METHODS: A total of 710 PTMC patients between 2013 and 2016 with a diagnosis of cervical lymph node metastases were reviewed. We analyzed the sonographic features of the PTMC primary site to predict ipsilateral or central lymph node metastases in univariate and multivariate models. The ratio of abutment/perimeter of the PTMC primary site was utilized to evaluate cervical lymph node status.
RESULTS: Regarding clinical characteristics, multifocality and extrathyroidal extension were associated with cervical lymph node involvement. In the multivariate regression model, calcification and the abutment/perimeter ratio of lesions were evaluated as independent factors in level VI, ipsilateral or skip cervical lymph node metastases. The cut-off value of the ratio of abutment/perimeter of the PTMC primary site (25%) was significantly correlated with cervical lymph node metastases (P = 0.000).
CONCLUSIONS: Independent sonographic features, including lesion size, lesion location, calcification, and the ratio of abutment/perimeter of the primary site, were associated with cervical lymph node metastases in PTMC patients. Copyright 2019 Cancer Biology & Medicine.

Introduction

Papillary thyroid microcarcinoma (PTMC) was defined as small thyroid tumors with a size ≤ 1 cm as the greatest diameter[1]. Most clinical or occult papillary thyroid microcarcinomas are nonpalpable but can be detected by neck ultrasonography, computerized tomography (CT) or other imaging modalities[2,3]. Although papillary thyroid microcarcinoma presents indolent clinical behaviors, the local recurrent rate of PTMC was reported to be as high as 12%, with lymph node metastasis being one of the most important risk factors[4-6]. Thus, cervical lymph node metastases should be taken into account to assess the risk of relapse in patients with PTMC. Although active surveillance is an essential strategy in PTMC[7-9], its drawback is that if patients want to accept it, they need to have no potential of cervical lymph node metastases before enrollment[9]. To date, surgery is the initial and standard treatment for PTMC with lymph node metastases. Therefore, the option for PTMC operation or active surveillance depends on the status of cervical lymph node metastases, which indicates that preoperative assessment is critical for PTMC patients.
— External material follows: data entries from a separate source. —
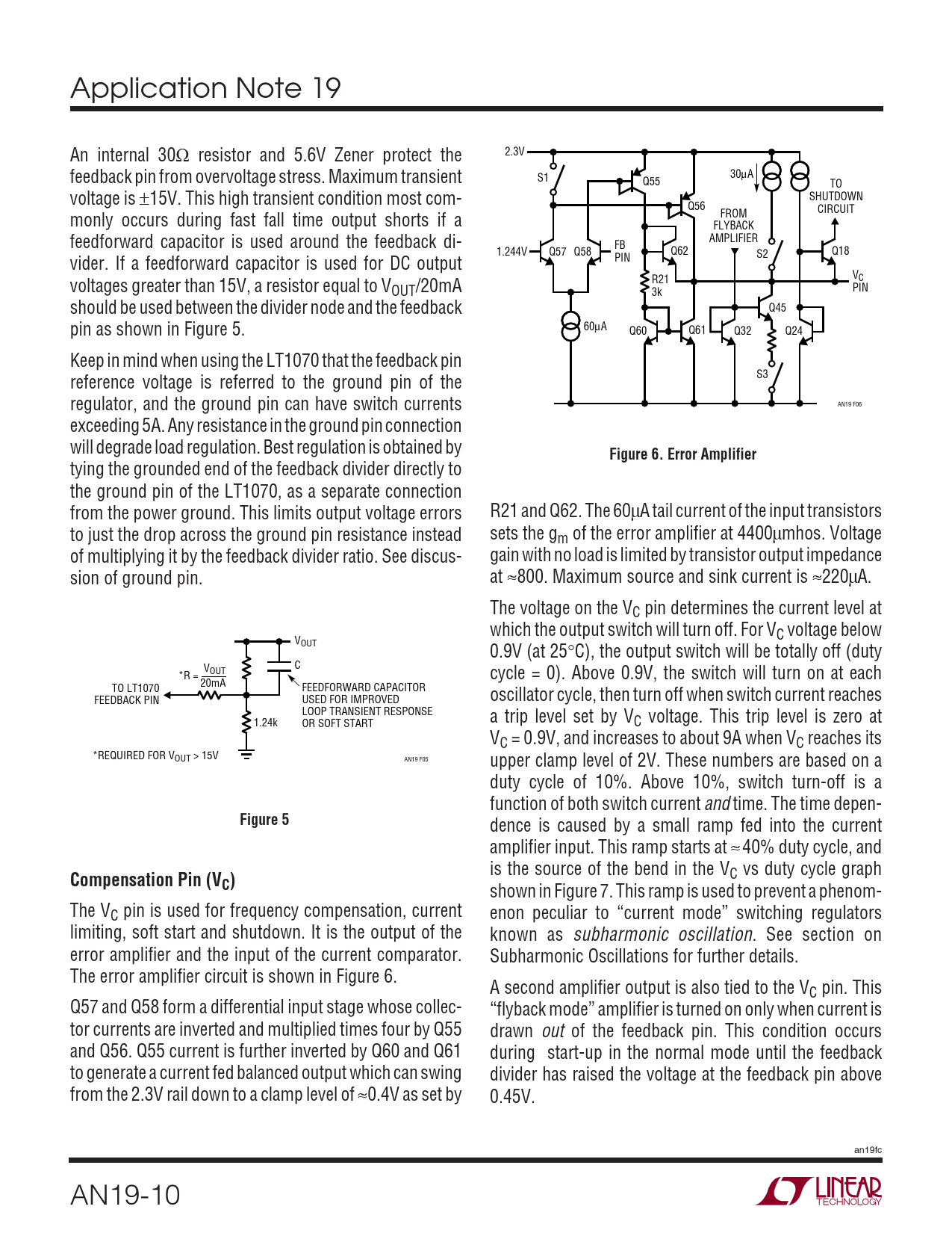 shown in Figure 7. This ramp is used to prevent a phenom- The VC pin is used for frequency compensation, current enon peculiar to “current mode” switching regulators limiting, soft start and shutdown. It is the output of the known as subharmonic oscillation. See section on error amplifier and the input of the current comparator. Subharmonic Oscillations for further details. The error amplifier circuit is shown in Figure 6. A second amplifier output is also tied to the VC pin. This Q57 and Q58 form a differential input stage whose collec- “flyback mode” amplifier is turned on only when current is tor currents are inverted and multiplied times four by Q55 drawn out of the feedback pin. This condition occurs and Q56. Q55 current is further inverted by Q60 and Q61 during start-up in the normal mode until the feedback to generate a current fed balanced output which can swing divider has raised the voltage at the feedback pin above from the 2.3V rail down to a clamp level of ≈0.4V as set by 0.45V. an19fc AN19-10
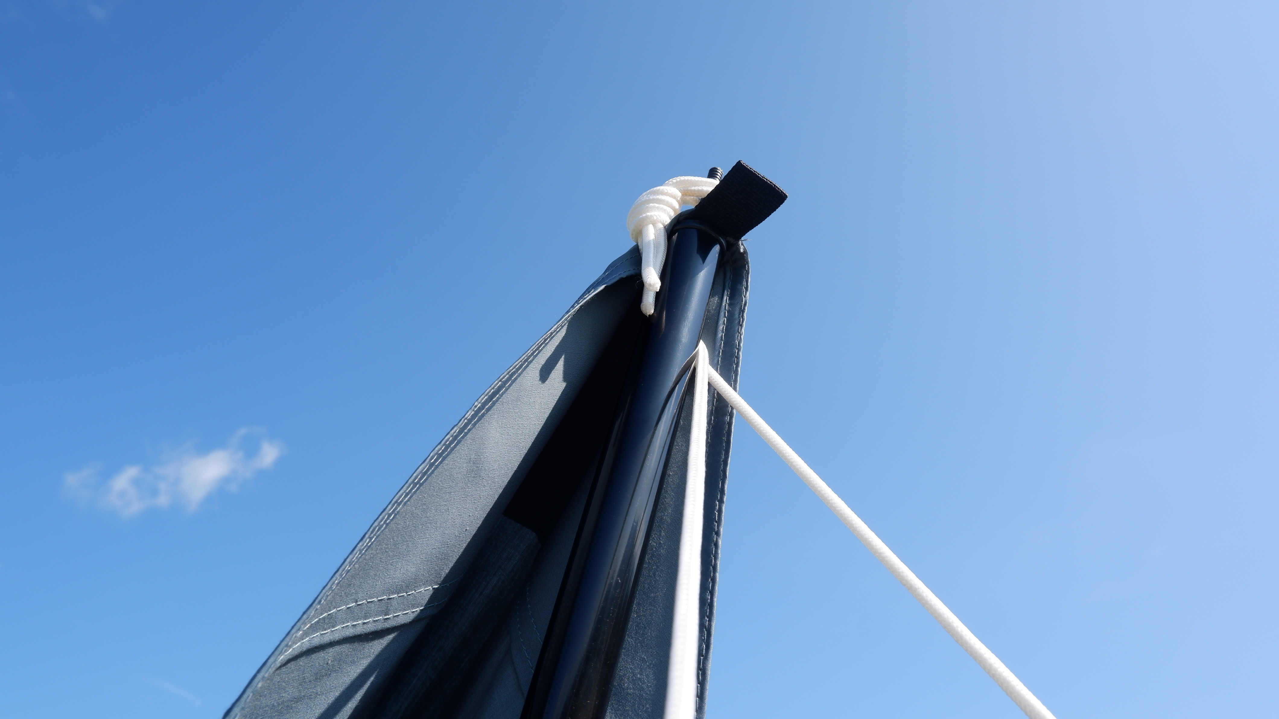 その後にグロメットに通したポールの先端に付属品のロープをそれぞれ輪っかを作りポールに通す。
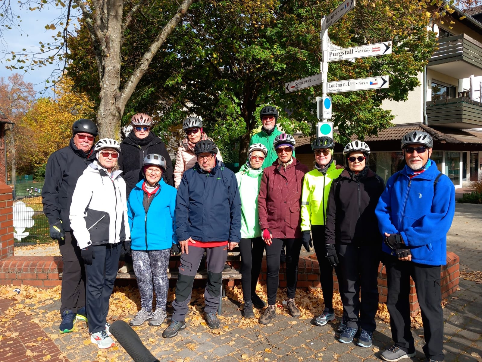 Traditionell startete die Radsportgruppe auch zu ihrer letzten Fahrt in diesem Jahr, wie gewohnt an unserem Rathausplatz. Zunächst in westlicher Richtung gestartet wendeten wir uns dann in nördlicher Richtung der "Badenburg" zu, um kurz vorher zur östlich gelegenen ehemaligen Wellersburg zu fahren. Hier erinnerten sich einige noch gerne an die dortige Gaststätte/Disco "Hazienda". Dem Radweg weiter folgend erreichten wir die ehemalige "Wellersburg" heute Gaststätte "Iridion" und erreichtenüber den Wieseckradweg unser Zwischenziel, die Eisdiele in Großen-Buseck.
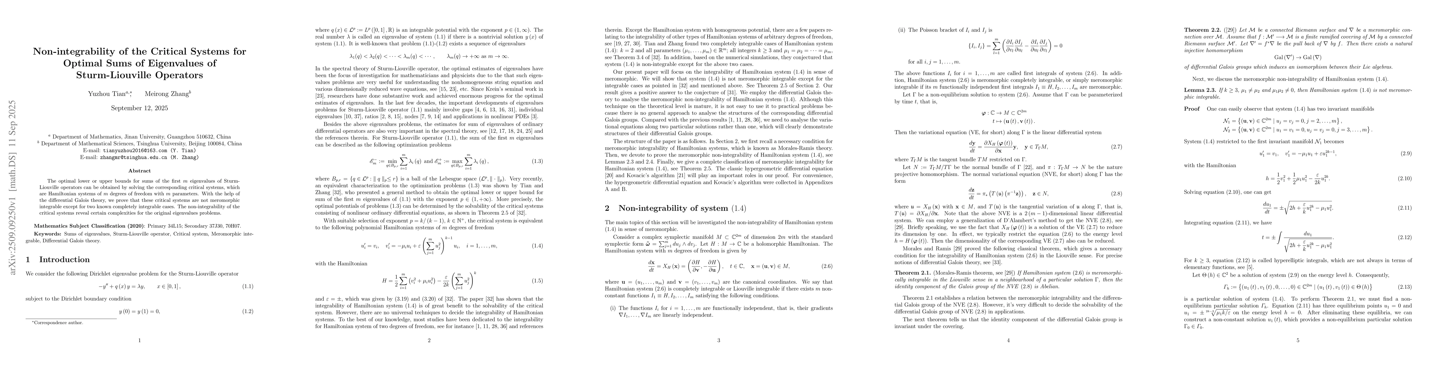 The optimal lower or upper bounds for sums of the first $m$ eigenvalues of Sturm-Liouville operators can be obtained by solving the corresponding critical systems, which are Hamiltonian systems of $m$ degrees of freedom with $m$ parameters. With the help of the differential Galois theory, we prove that these critical systems are not meromorphic integrable except for two known completely integrable cases. The non-integrability of the critical systems reveal certain complexities for the original eigenvalues problems.
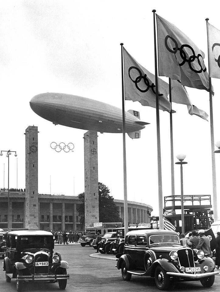 Hindenburg airship flying over Berlin during the Olympic Games, 1936.
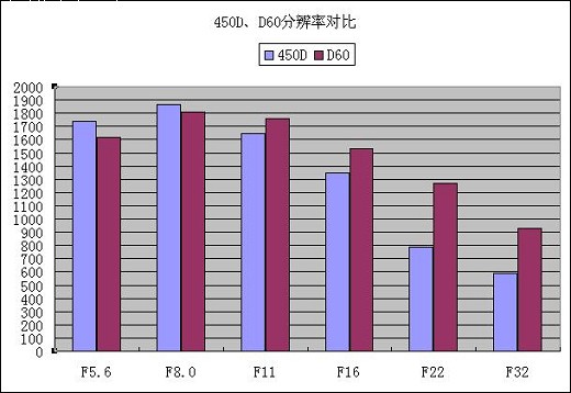 从图表可以看出搭配不同镜头的两部相机表现差别较大。在F5.6和F8.0时,450D要优于D60,但是差距不算很大。在F8时,450D达到最高值1868 LW/PH,D60同样达到最高值1805 LW/PH。在F11以后,D60分辨率表现要明显优于450D。D60的总体发挥更加平均,而450D在达到最高值后显现急剧下降的情况(这个情况应该和镜头的关系更大)。
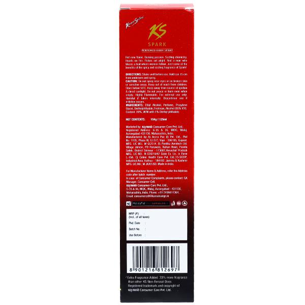 Product Information - KS is one of the leading brand of deodorants in India. It provides a wide range of exciting deodorants that has long lasting fragrance to make you feel fresh even at the end of the day. KS Spark Perfumed Body Spray is a non gas deodorant, with a spicy and sizzling fragrance that will make you stand out of the crowd. Spark Perfumed Body Spray is 33% more stronger, which creates an impact that cannot go unnoticed! The strong fragrance will help in enhancing your mood and boosts up your confidence giving you the relaxed feeling all day. Now you can enjoy the long-lasting freshness with our new range of Black deo. X, XX and XXX are non-gas deodorants with invigorating fragrances.
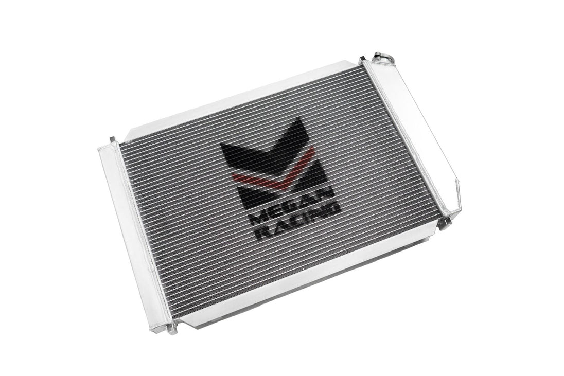 Megan Racing Radiators are comprised completely of aluminum. From the tanks to the primary core. Aluminum tanks are a great upgrade over the plastic usually found on factory radiators which are known to crack and leak especially as they age. The larger heat exchanging core is not only more efficient at transferring heat from the coolant, but also increases total coolant carrying capacity.
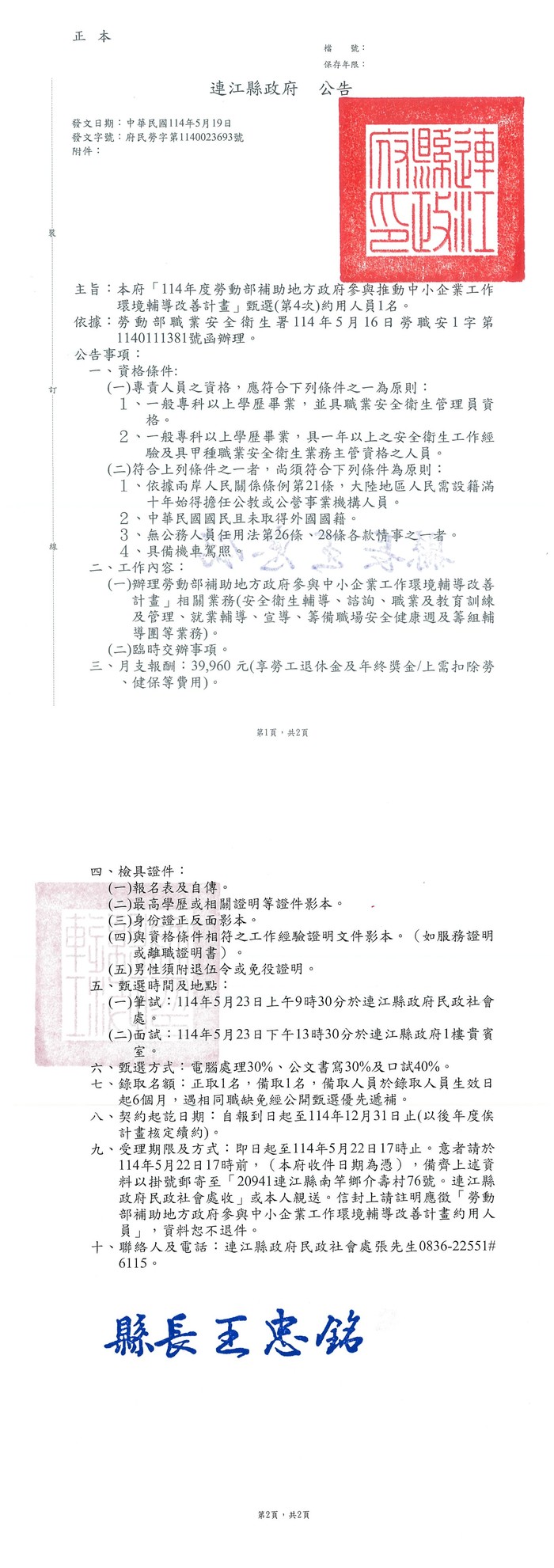 1.筆試:114年5月23日上午9時30分於連江縣政府民政社會處。
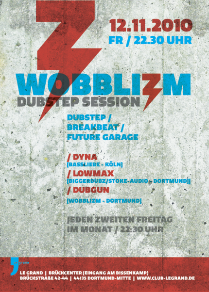 We Love Dubstep… dieser Ausspruch und das durchweg positive Feedback von Euch, lassen uns mit gutem Gewissen in die Zukunft schauen. Von Monat zu Monat können wir ständig steigende Besucherzahlen melden. Deshalb wird auch im November wieder der Tanzboden im Le Grand zum vibrieren gebracht! Dieses mal mit DYNA [Bassliebe – Köln], LOWmAX [Biggerdubz/Stoke-Audio – Dortmund] und natürlich Dubgun [Wobblizm – Dortmund]… Auf dem zweiten Floor werden euch abermals die Jungs von Remote Controlled Youth aus Münster ein Drum n Bass Set erster Güte liefern.
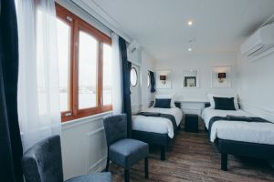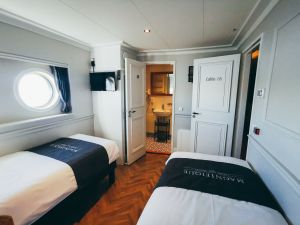 - 1 Doppelbettzimmer auf dem Unterdeck, ca. 10 m², mit zwei Einzelbetten und Fenstern, die nicht geöffnet werden können. Auf Anfrage kann es zu einem Doppelzimmer zur Einzelnutzung werden.
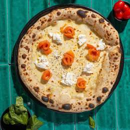 Une pate napolitaine au fromage mozzarella Filoni et du scamorza fumé, straciatella , granapadano, saumon frais , basilic frais , tomate cerise et huile d’olive.

Clinical examination and imaging modalities are considered effective tools to predict lymph node metastases in PTMC[1]. However, preoperative ultrasound (US) and CT imaging procedures have been reported to have relatively low sensitivity (20%–40%) for the detection of lymph node metastases in PTMC[10] because US and CT images cannot clearly present neoplastic diseases or inflammation of cervical lymph nodes. Due to this possible confusion, clinicians must accelerate the diagnostic sensitivity in the preoperative assessment of cervical lymph node involvement in PTMC patients[11]. This retrospective study aims to explore the clinical and US features of the primary PTMC site to identify metastatic central or lateral cervical lymph nodes to enrich PTMC treatment options.

Materials and methods

Subjects

In this retrospective study, a total of 710 PTMC patients (475 females and 235 males) were identified by pathological examination and enrolled from October 2013 to September 2016. The ages ranged from 7 to 80 years old (the average age was 44 years old). All patients were submitted to cervical lymph node dissection. Of the 710 PTMC patients, 401 underwent total thyroidectomy, while the other 309 underwent thyroidectomy. A total of 486 patients underwent cervical level VI lymph node dissection, with prophylactic level VI dissection in 400 patients and therapeutic dissection in 86 cases. Therapeutic dissection of ipsilateral lymph nodes was performed in 297 patients. The retrospective study was approved by the Ethics Committee of Tianjin Medical University Cancer Institute and Hospital.

Inclusion criteria

The patients enrolled in this retrospective and consecutive study were selected on the basis of the following criteria. (1) All patients in our series underwent neck ultrasound examination for the evaluation of primary sites and cervical lymph nodes status before operation. (2) Ultrasound-guided fine needle aspiration (FNA) was performed for diagnostic purposes before the operation. Definitive diagnostic cytological findings of thyroid malignancy were determined at initial or follow-up ultrasound-guided FNA. (3) The diagnosis of primary site or cervical lymph node metastases of PTMC was pathologically confirmed after the operation (reviewed by Dr. Pan Y, who has 15 years of experience in thyroid cancer pathological diagnosis).

Ultrasound examination

Using a Phillips iU22 color Doppler ultrasonic diagnostic apparatus (Philips Medical Systems, Bothell, Washington), the 710 patients were scanned in the supine position with shoulder pillows and their necks fully exposed; along with longitudinal and transverse scans, routine examination of the bilateral thyroid lobe, isthmus and bilateral cervical lymph nodes was performed (reviewed by Dr. Wei X and Dr. Zhang S, with 10 and 25 years of experience in thyroid cancer US diagnosis, respectively). The final diagnosis of metastatic LN involvement was made by a pathologist who had 15 years of experience in histological diagnosis of cervical LNs (reviewed by Dr. Pan Y).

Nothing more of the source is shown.